In the case of managing an in-place clone operation, the first NFC operation involves copying a file and storing the full copy in an original data store. The second NFC operation involves copying at least a portion of the file and storing the copied portion in the new data store. In the case of managing a relocation operation, the first NFC operation involves relocating a file from an original source data store to an original destination data store. The second NFC operation involves relocating at least a portion of the file from: (1) a new source data store to the original destination data store, or (2) the original source data store to a new destination data store. In each use case, the second NFC operation either restarts the first NFC operation or resumes from where the first NFC operation left off (thus saving work). Whether the second NFC operation is able to conserve the work of the first NFC operation depends on the use case and on other circumstances surrounding the first and second NFC operations.

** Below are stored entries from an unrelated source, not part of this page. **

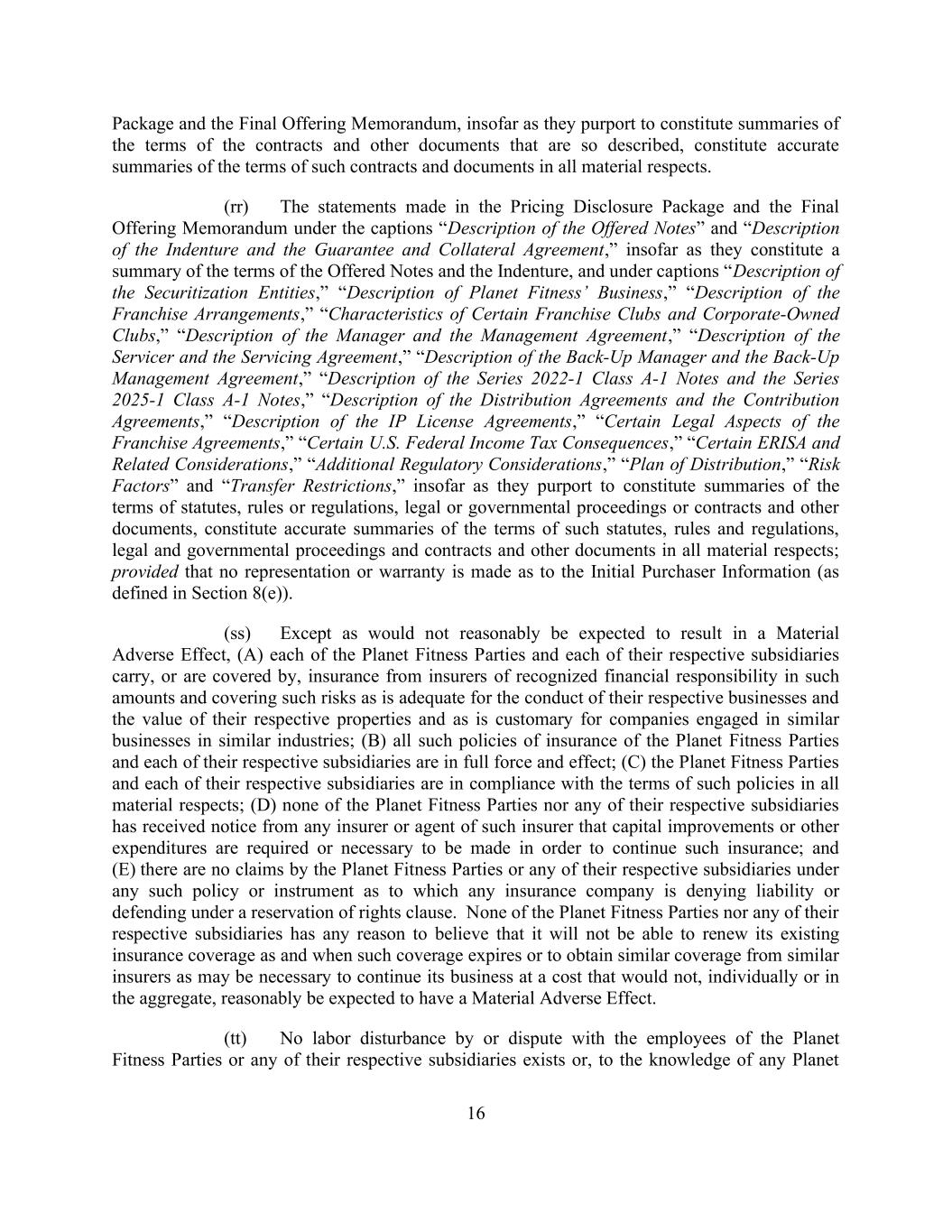 16 Package and the Final Offering Memorandum, insofar as they purport to constitute summaries of the terms of the contracts and other documents that are so described, constitute accurate summaries of the terms of such contracts and documents in all material respects. (rr) The statements made in the Pricing Disclosure Package and the Final Offering Memorandum under the captions “Description of the Offered Notes” and “Description of the Indenture and the Guarantee and Collateral Agreement,” insofar as they constitute a summary of the terms of the Offered Notes and the Indenture, and under captions “Description of the Securitization Entities,” “Description of Planet Fitness’ Business,” “Description of the Franchise Arrangements,” “Characteristics of Certain Franchise Clubs and Corporate-Owned Clubs,” “Description of the Manager and the Management Agreement,” “Description of the Servicer and the Servicing Agreement,” “Description of the Back-Up Manager and the Back-Up Management Agreement,” “Description of the Series 2022-1 Class A-1 Notes and the Series 2025-1 Class A-1 Notes,” “Description of the Distribution Agreements and the Contribution Agreements,” “Description of the IP License Agreements,” “Certain Legal Aspects of the Franchise Agreements,” “Certain U.S. Federal Income Tax Consequences,” “Certain ERISA and Related Considerations,” “Additional Regulatory Considerations,” “Plan of Distribution,” “Risk Factors” and “Transfer Restrictions,” insofar as they purport to constitute summaries of the terms of statutes, rules or regulations, legal or governmental proceedings or contracts and other documents, constitute accurate summaries of the terms of such statutes, rules and regulations, legal and governmental proceedings and contracts and other documents in all material respects; provided that no representation or warranty is made as to the Initial Purchaser Information (as defined in Section 8(e)). (ss) Except as would not reasonably be expected to result in a Material Adverse Effect, (A) each of the Planet Fitness Parties and each of their respective subsidiaries carry, or are covered by, insurance from insurers of recognized financial responsibility in such amounts and covering such risks as is adequate for the conduct of their respective businesses and the value of their respective properties and as is customary for companies engaged in similar businesses in similar industries; (B) all such policies of insurance of the Planet Fitness Parties and each of their respective subsidiaries are in full force and effect; (C) the Planet Fitness Parties and each of their respective subsidiaries are in compliance with the terms of such policies in all material respects; (D) none of the Planet Fitness Parties nor any of their respective subsidiaries has received notice from any insurer or agent of such insurer that capital improvements or other expenditures are required or necessary to be made in order to continue such insurance; and (E) there are no claims by the Planet Fitness Parties or any of their respective subsidiaries under any such policy or instrument as to which any insurance company is denying liability or defending under a reservation of rights clause. None of the Planet Fitness Parties nor any of their respective subsidiaries has any reason to believe that it will not be able to renew its existing insurance coverage as and when such coverage expires or to obtain similar coverage from similar insurers as may be necessary to continue its business at a cost that would not, individually or in the aggregate, reasonably be expected to have a Material Adverse Effect. (tt) No labor disturbance by or dispute with the employees of the Planet Fitness Parties or any of their respective subsidiaries exists or, to the knowledge of any Planet
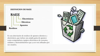 El documento presenta información sobre los residuos de aparatos eléctricos y electrónicos (RAEE), su clasificación y tipos de obsolescencia. También discute la Ley 1672 de 2013, que establece directrices para la gestión integral de los RAEE y los principios rectores, como la responsabilidad extendida del productor y la participación activa de los involucrados. Se aborda cómo esta ley busca regular el manejo diferenciado de estos residuos en Colombia.
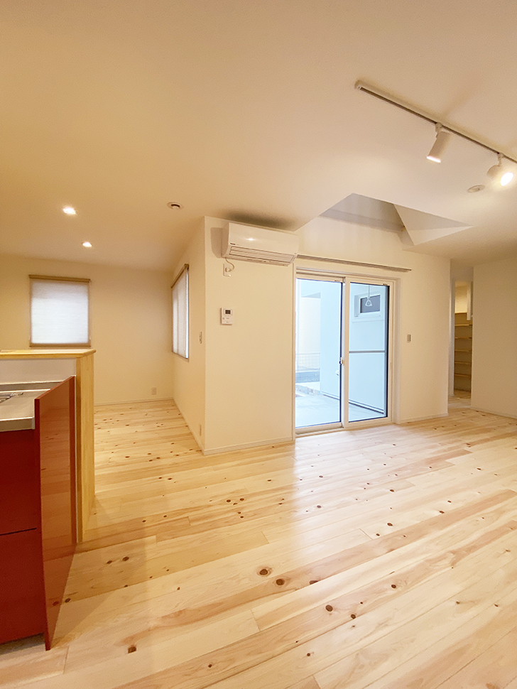 自然素材の床が心地よいLDKは、中庭テラスを囲む間取り。

These and further aspects of the invention are discussed below with respect to the drawings.
On-premise data center 102 includes host servers 110 that are each constructed on a server-grade hardware platform 130 such as an x86 architecture platform. Hardware platform 130 includes conventional components of a computing device, such as one or more central processing units (CPUs) 132, system memory 134 such as random-access memory (RAM), local storage (not shown) such as one or more magnetic drives or solid-state drives (SSDs), one or more network interface cards (NICs) 136, and a host bus adapter (HBA) 138.
CPU(s) 132 are configured to execute instructions such as executable instructions that perform one or more operations described herein, which may be stored in system memory 134. NIC(s) 136 enable host server 110 to communicate with other devices over a physical network 104 such as a local area network (LAN). HBA 138 couples host server 110 to data stores 140 over physical network 104. Data stores 140 are storage arrays of a network data storage system such as a storage area network (SAN) or network-attached storage (NAS). Data stores 140 store files 142 such as virtual disks of VMs.

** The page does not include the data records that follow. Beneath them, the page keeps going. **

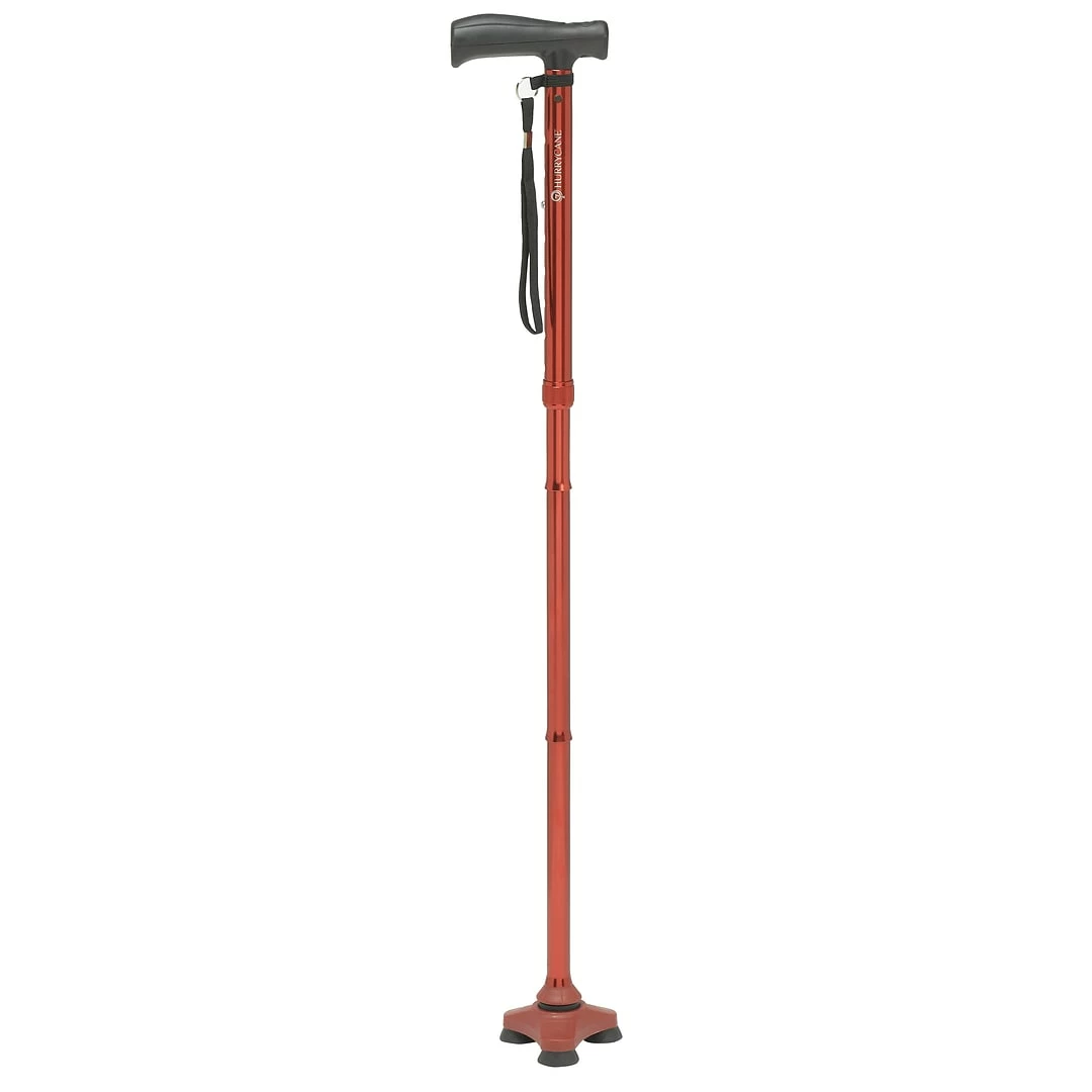 Cutting-edge, patented technology allows the HurryCane, the #1 selling cane in America, to feel like a seamless extension of the body.The HurryCane is unrivaled thanks to industry-leading innovations. A SteadiGrip base simulates your foot’s natural stabilizing points, increasing traction and improving balance. To further maximize stabilization, the HurryCane automatically flexes on inclines, uneven ground, and fluctuating terrain both inside and outdoors. Effortlessly fold the HurryCane to one-third its normal size for compact storing whenever needed, and easily flip back out for continued use. To find the perfect fit that will provide lasting comfort, adjust the cane height between 30.5″ to 37.5″ by simply pushing the button located on the handle. Feel confident using the durable HurryCane to ensure the next steps you take are safe. The HurryCane is tested to support up to 350 pounds.
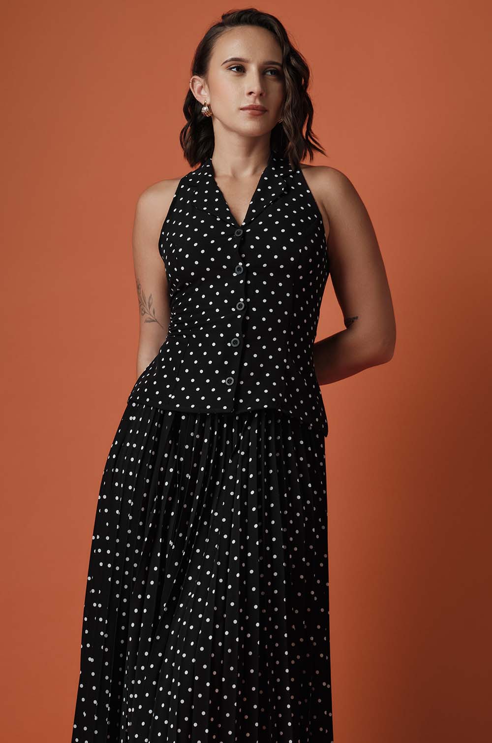 CINCHED WAIST SLEEVELESS TOP - BLACK
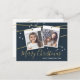 Deluxe navy blue Christmas Holiday Postcard design with two personal photos hanging in white photo frames on geometric golden tape lines surrounded by little white stars. On the back of the dark blue Christmas postcard the golden geometric lines are in the corner along with little golden stars and a warm Christmas wish and your family names. A luxurious photo Christmas design by Luckz.

Host server 110 includes a software platform 112. Software platform 112 includes a hypervisor 120, which is a virtualization software layer. Hypervisor 120 supports a VM execution space within which VMs 114 are concurrently instantiated and executed. One example of hypervisor 120 is a VMware ESX® hypervisor, available from VMware, Inc. Hypervisor 120 includes an agent 122 and an NFC module 124. Agent 122 connects host server 110 to a virtualization manager 144. NFC module 124 executes NFC operations involving data stores 140. Although the disclosure is described with reference to VMs, the teachings herein also apply to nonvirtualized applications and to other types of virtual computing instances such as containers, Docker® containers, data compute nodes, and isolated user space instances for which data is transferred pursuant to network copy mechanisms.
Virtualization manager 144 communicates with host servers 110 via a management network (not shown) provisioned from network 104. Virtualization manager 144 performs administrative tasks such as managing host servers 110, provisioning and managing VMs 114, migrating VMs 114 from one of host servers 110 to another, and load balancing between host servers 110. Virtualization manager 144 may be, e.g., a physical server or one of VMs 114. One example of virtualization manager 144 is VMware vCenter Server®, available from VMware, Inc.

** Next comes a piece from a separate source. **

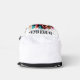 A woman affectionately embraces a Bulldog wearing a hat on her head.
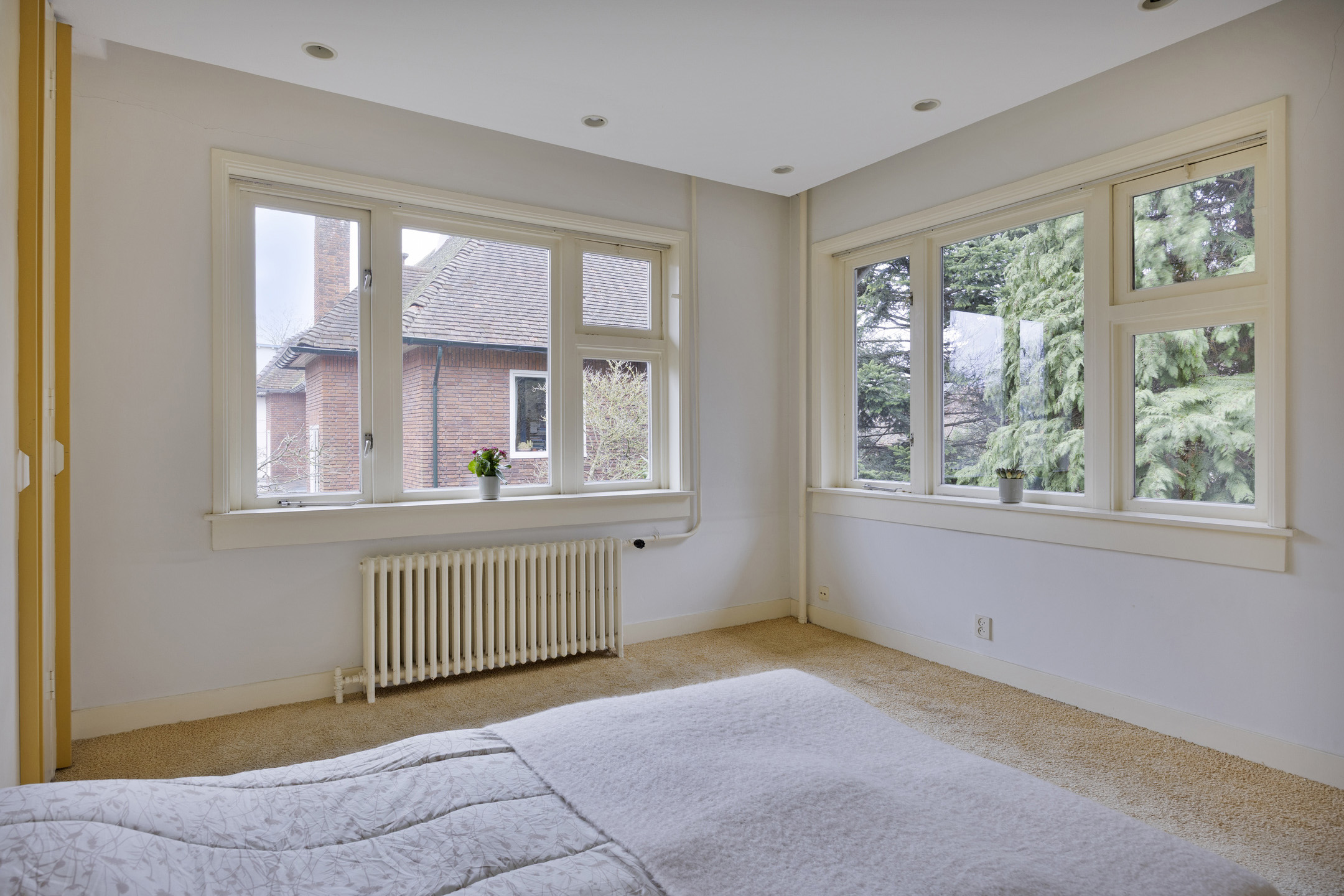 De centrale overloop biedt toegang tot alle kamers. Daarbij bevinden zich aan de voorzijde twee slaapkamers, waarvan één met openslaande deuren naar het ruime dakterras en weids uitzicht over de voortuin en Fruinlaan. Aan de achterzijde bevinden zich ook twee slaapkamers, waarvan één in gebruik is als de ouderslaapkamer met een direct verbinding naar de badkamer. Op de overloop bevindt zich nog een aparte wc met fonteintje. Trouwens, alle slaapkamers beschikken over een eigen wastafel met marmeren achterblad.

Virtualization manager 144 includes a distributed resource scheduler (DRS) 146 for performing administrative tasks. For example, DRS 146 may include a flag (not shown) for each of data stores 140, the flag indicating whether data store 140 is scheduled to enter maintenance mode soon. Such information is helpful for managing NFC operations. If one of data stores 140 is scheduled to enter maintenance mode soon, then that one of data stores 140 is not a good candidate for performing a new NFC operation with. As another example, DRS 146 may include another flag (not shown) for each of data stores 140, the other flag indicating whether data store 140 was upgraded recently. If one of data stores 140 was recently upgraded, then that one of data stores 140 is a good candidate for performing a new NFC operation with.
On-premise data center 102 includes a gateway 148. Gateway 148 provides VMs 114 and other devices in on-premise data center 102 with connectivity to an external network 106 such as the Internet. Gateway 148 manages public internet protocol (IP) addresses for VMs 114 and routes traffic incoming to and outgoing from on-premise data center 102. Gateway 148 may be, e.g., a physical networking device or one of VMs 114.
Cloud data center 150 includes host servers 160 that are each constructed on a server-grade hardware platform 180 such as an x86 architecture platform. Like hardware platform 130, hardware platform 180 includes conventional components of a computing device (not shown) such as one or more CPUs, system memory, optional local storage, one or more NICs, and an HBA. The CPU(s) are configured to execute instructions such as executable instructions that perform one or more operations described herein, which may be stored in the system memory. The NIC(s) enable host server 160 to communicate with other devices over a physical network 152 such as a LAN. The HBA couples host server 160 to data stores 190 over physical network 152. Like data stores 140, data stores 190 are storage arrays of a network data storage system, and data stores 190 store files 192 such as virtual disks of VMs.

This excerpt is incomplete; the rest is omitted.